▶ [Assignment] Set down the entries again word for word, without any of the images.

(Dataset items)
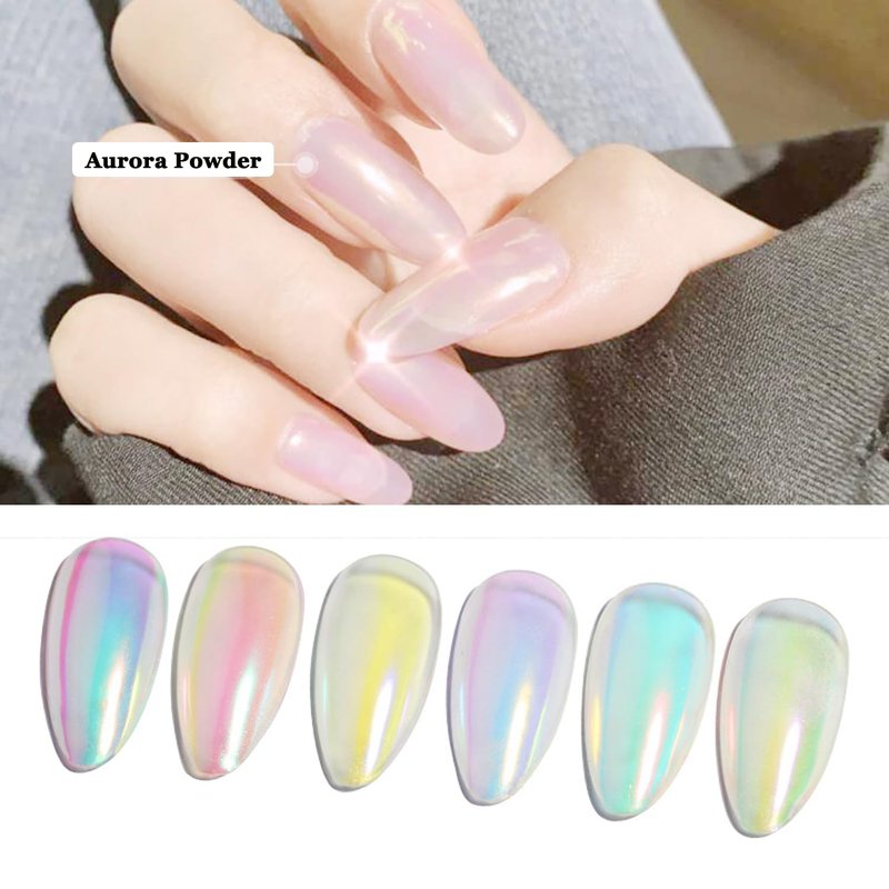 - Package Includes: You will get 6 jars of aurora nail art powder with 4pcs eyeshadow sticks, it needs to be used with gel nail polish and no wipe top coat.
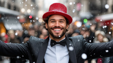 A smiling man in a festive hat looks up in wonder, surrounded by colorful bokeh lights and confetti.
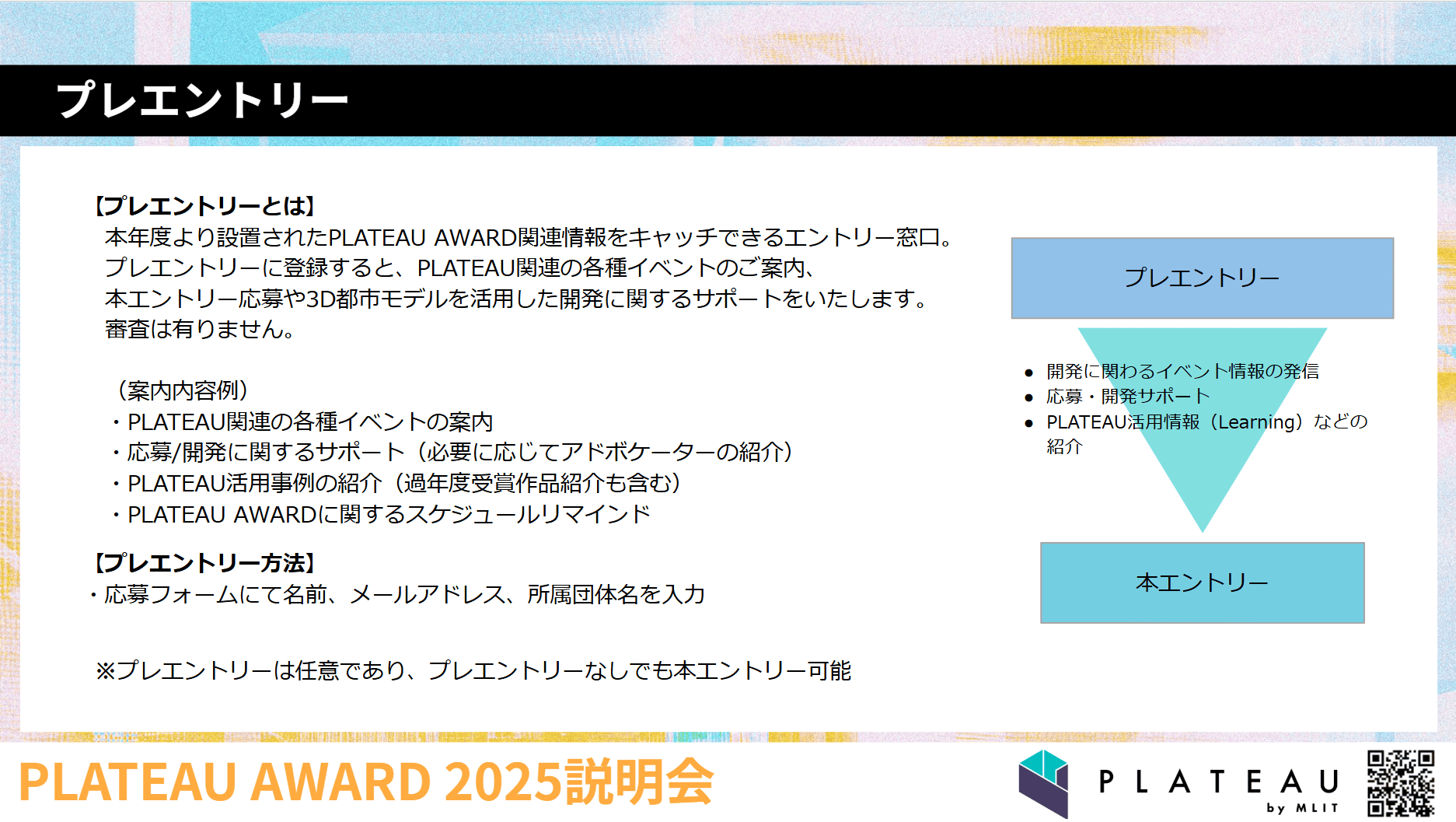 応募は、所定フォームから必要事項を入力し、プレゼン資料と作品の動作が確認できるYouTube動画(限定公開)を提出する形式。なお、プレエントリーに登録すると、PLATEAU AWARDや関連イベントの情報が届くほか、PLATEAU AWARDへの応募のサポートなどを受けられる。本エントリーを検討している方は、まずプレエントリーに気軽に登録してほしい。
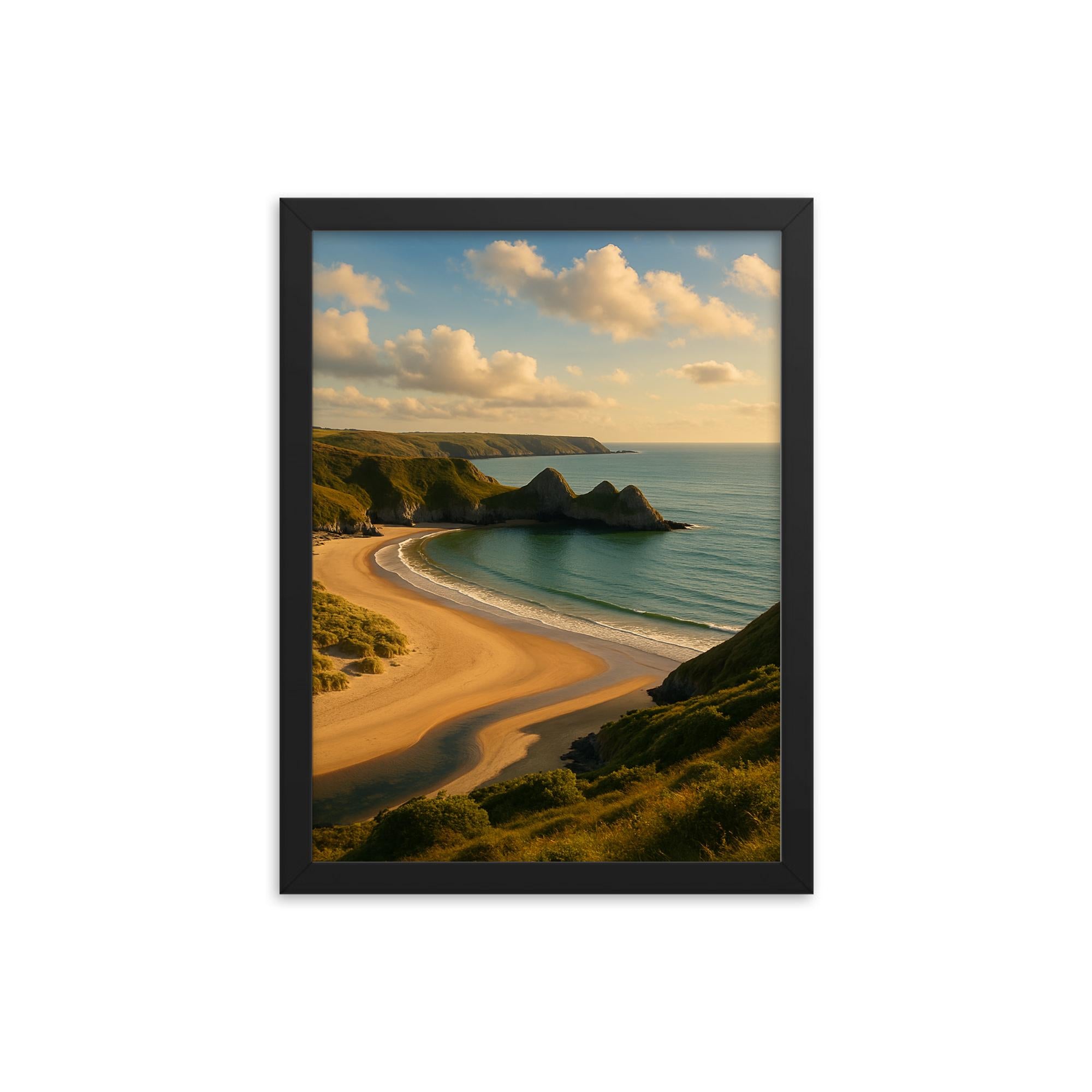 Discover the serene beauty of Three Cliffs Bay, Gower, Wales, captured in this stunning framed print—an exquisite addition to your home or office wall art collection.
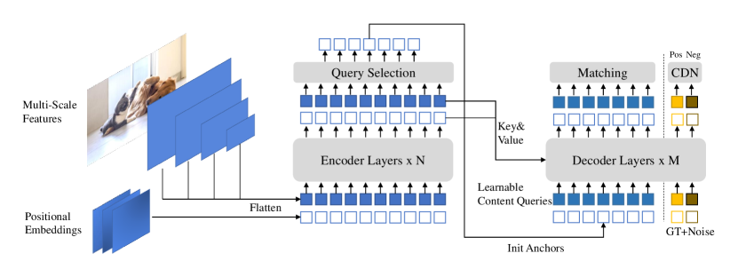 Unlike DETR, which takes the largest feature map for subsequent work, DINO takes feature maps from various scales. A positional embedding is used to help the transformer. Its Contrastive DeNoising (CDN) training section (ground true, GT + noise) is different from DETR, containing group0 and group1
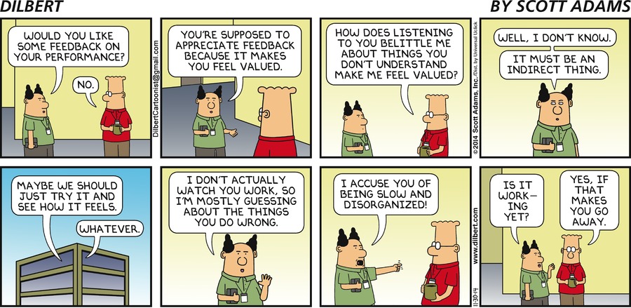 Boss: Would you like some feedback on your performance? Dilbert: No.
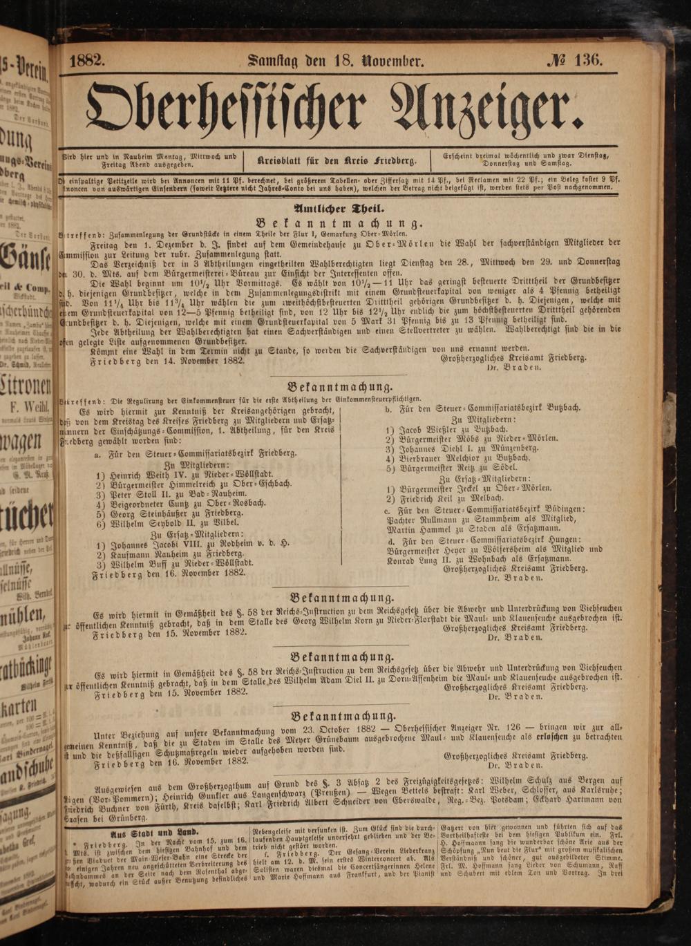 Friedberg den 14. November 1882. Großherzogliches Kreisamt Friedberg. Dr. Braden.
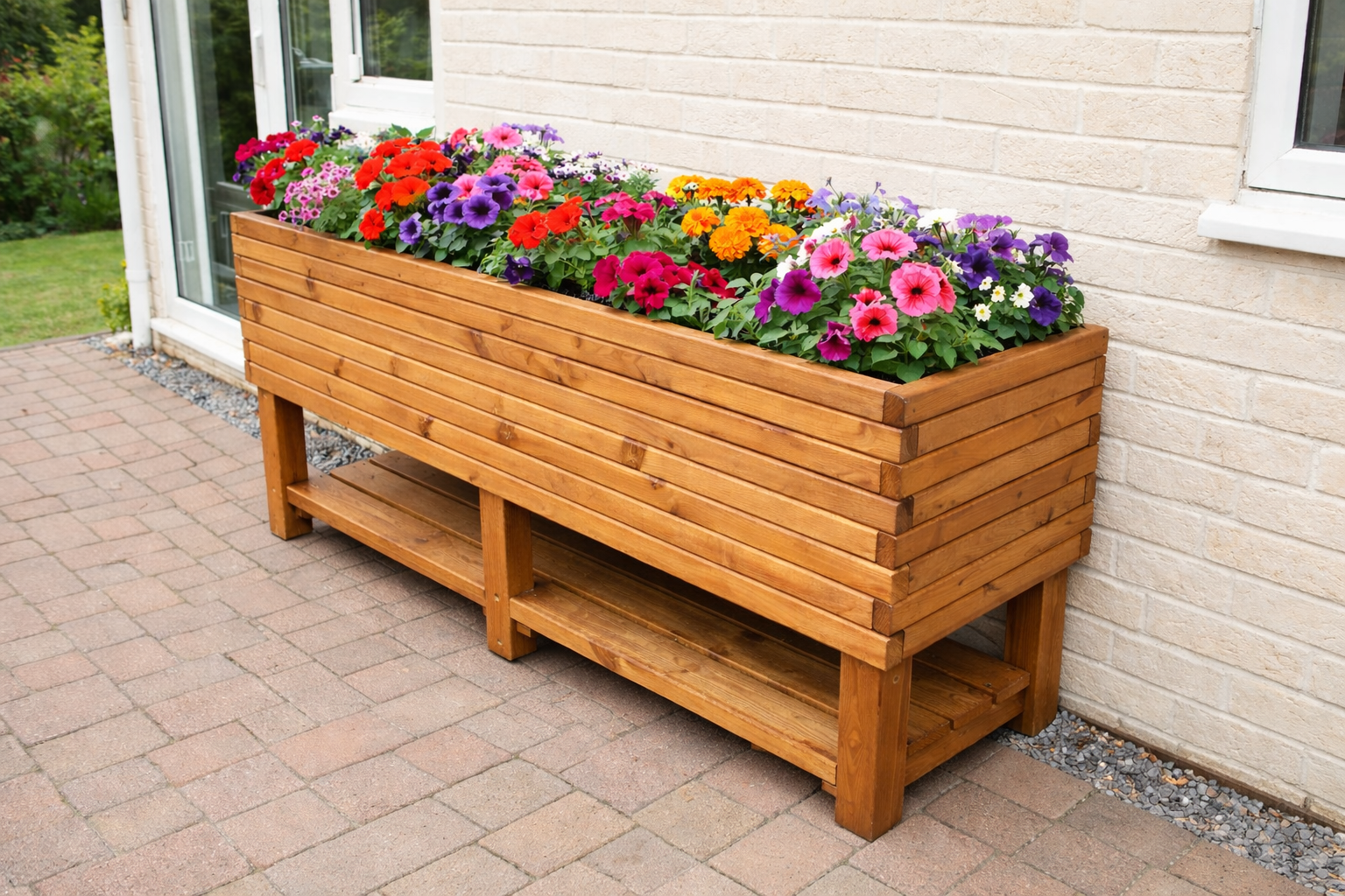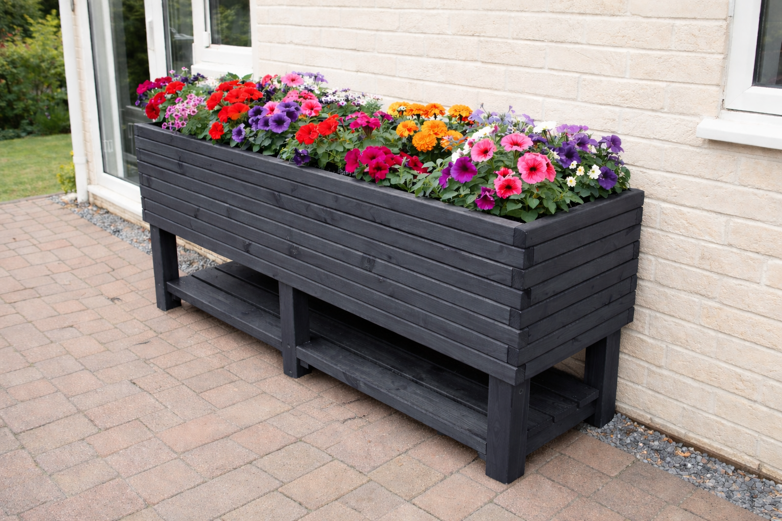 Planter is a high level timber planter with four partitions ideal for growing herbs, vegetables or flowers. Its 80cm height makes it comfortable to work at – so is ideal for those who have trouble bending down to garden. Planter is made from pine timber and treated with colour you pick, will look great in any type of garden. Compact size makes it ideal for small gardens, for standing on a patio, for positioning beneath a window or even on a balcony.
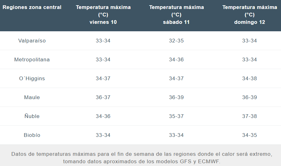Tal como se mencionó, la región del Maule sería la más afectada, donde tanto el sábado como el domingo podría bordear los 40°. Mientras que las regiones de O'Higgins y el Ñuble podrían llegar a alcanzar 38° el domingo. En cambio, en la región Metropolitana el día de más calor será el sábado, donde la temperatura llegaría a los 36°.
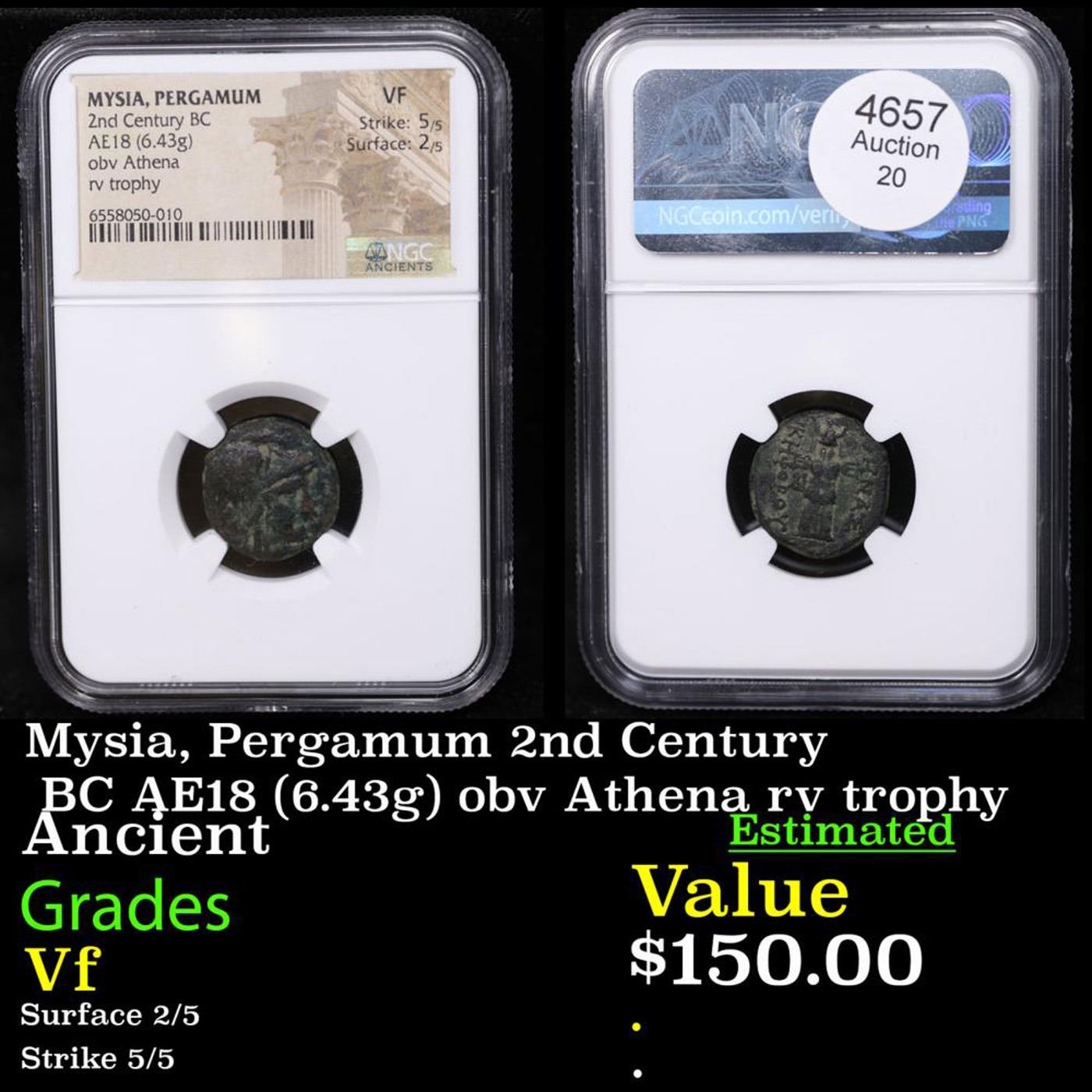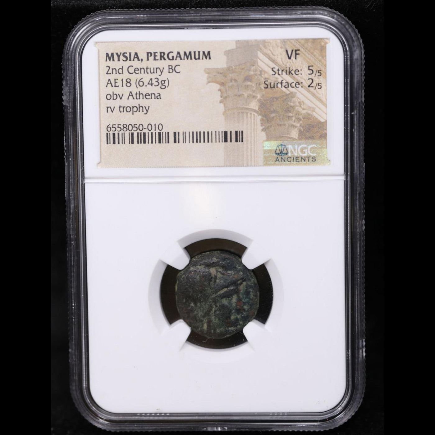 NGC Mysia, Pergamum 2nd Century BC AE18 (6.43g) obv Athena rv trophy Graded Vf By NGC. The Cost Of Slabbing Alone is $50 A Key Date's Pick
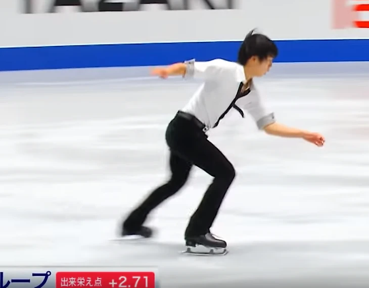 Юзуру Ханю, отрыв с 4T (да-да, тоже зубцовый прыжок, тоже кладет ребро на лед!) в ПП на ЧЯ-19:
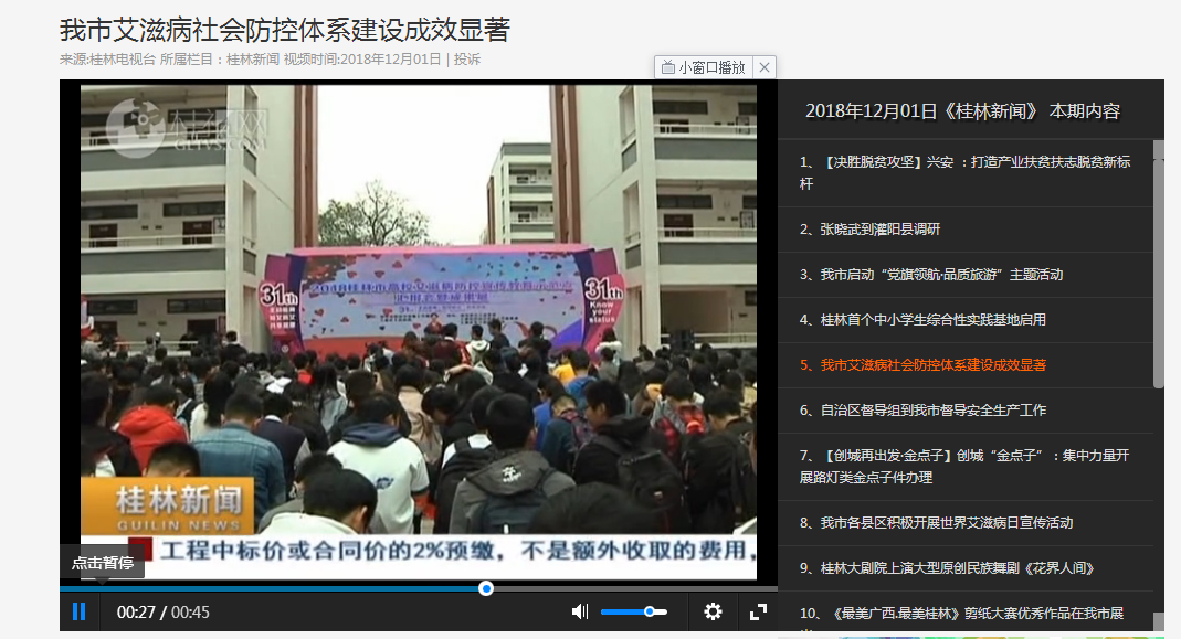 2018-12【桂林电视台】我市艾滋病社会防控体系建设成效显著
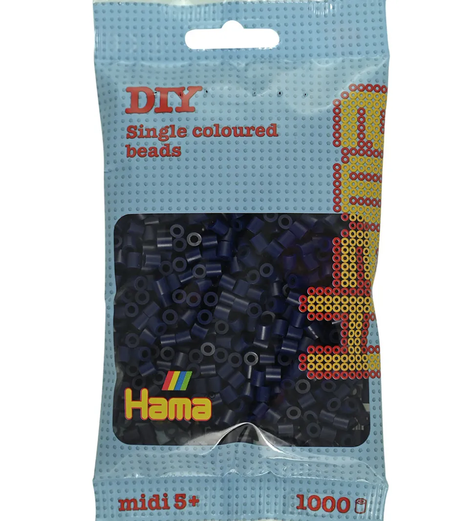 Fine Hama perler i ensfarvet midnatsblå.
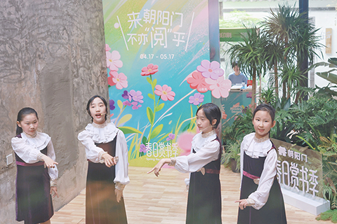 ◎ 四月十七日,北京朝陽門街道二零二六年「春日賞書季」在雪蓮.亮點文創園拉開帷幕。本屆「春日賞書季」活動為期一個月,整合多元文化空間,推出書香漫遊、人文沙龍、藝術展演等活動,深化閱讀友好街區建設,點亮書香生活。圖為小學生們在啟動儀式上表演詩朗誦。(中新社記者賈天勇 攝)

▶ [Response]
 - Package Includes: You will get 6 jars of aurora nail art powder with 4pcs eyeshadow sticks, it needs to be used with gel nail polish and no wipe top coat.
 A smiling man in a festive hat looks up in wonder, surrounded by colorful bokeh lights and confetti.
 応募は、所定フォームから必要事項を入力し、プレゼン資料と作品の動作が確認できるYouTube動画(限定公開)を提出する形式。なお、プレエントリーに登録すると、PLATEAU AWARDや関連イベントの情報が届くほか、PLATEAU AWARDへの応募のサポートなどを受けられる。本エントリーを検討している方は、まずプレエントリーに気軽に登録してほしい。
 Discover the serene beauty of Three Cliffs Bay, Gower, Wales, captured in this stunning framed print—an exquisite addition to your home or office wall art collection.
 Unlike DETR, which takes the largest feature map for subsequent work, DINO takes feature maps from various scales. A positional embedding is used to help the transformer. Its Contrastive DeNoising (CDN) training section (ground true, GT + noise) is different from DETR, containing group0 and group1
 Boss: Would you like some feedback on your performance? Dilbert: No.
 Friedberg den 14. November 1882. Großherzogliches Kreisamt Friedberg. Dr. Braden.
 Planter is a high level timber planter with four partitions ideal for growing herbs, vegetables or flowers. Its 80cm height makes it comfortable to work at – so is ideal for those who have trouble bending down to garden. Planter is made from pine timber and treated with colour you pick, will look great in any type of garden. Compact size makes it ideal for small gardens, for standing on a patio, for positioning beneath a window or even on a balcony.
Tal como se mencionó, la región del Maule sería la más afectada, donde tanto el sábado como el domingo podría bordear los 40°. Mientras que las regiones de O'Higgins y el Ñuble podrían llegar a alcanzar 38° el domingo. En cambio, en la región Metropolitana el día de más calor será el sábado, donde la temperatura llegaría a los 36°.
 NGC Mysia, Pergamum 2nd Century BC AE18 (6.43g) obv Athena rv trophy Graded Vf By NGC. The Cost Of Slabbing Alone is $50 A Key Date's Pick
 Юзуру Ханю, отрыв с 4T (да-да, тоже зубцовый прыжок, тоже кладет ребро на лед!) в ПП на ЧЯ-19:
 2018-12【桂林电视台】我市艾滋病社会防控体系建设成效显著
 Fine Hama perler i ensfarvet midnatsblå.
 ◎ 四月十七日,北京朝陽門街道二零二六年「春日賞書季」在雪蓮.亮點文創園拉開帷幕。本屆「春日賞書季」活動為期一個月,整合多元文化空間,推出書香漫遊、人文沙龍、藝術展演等活動,深化閱讀友好街區建設,點亮書香生活。圖為小學生們在啟動儀式上表演詩朗誦。(中新社記者賈天勇 攝)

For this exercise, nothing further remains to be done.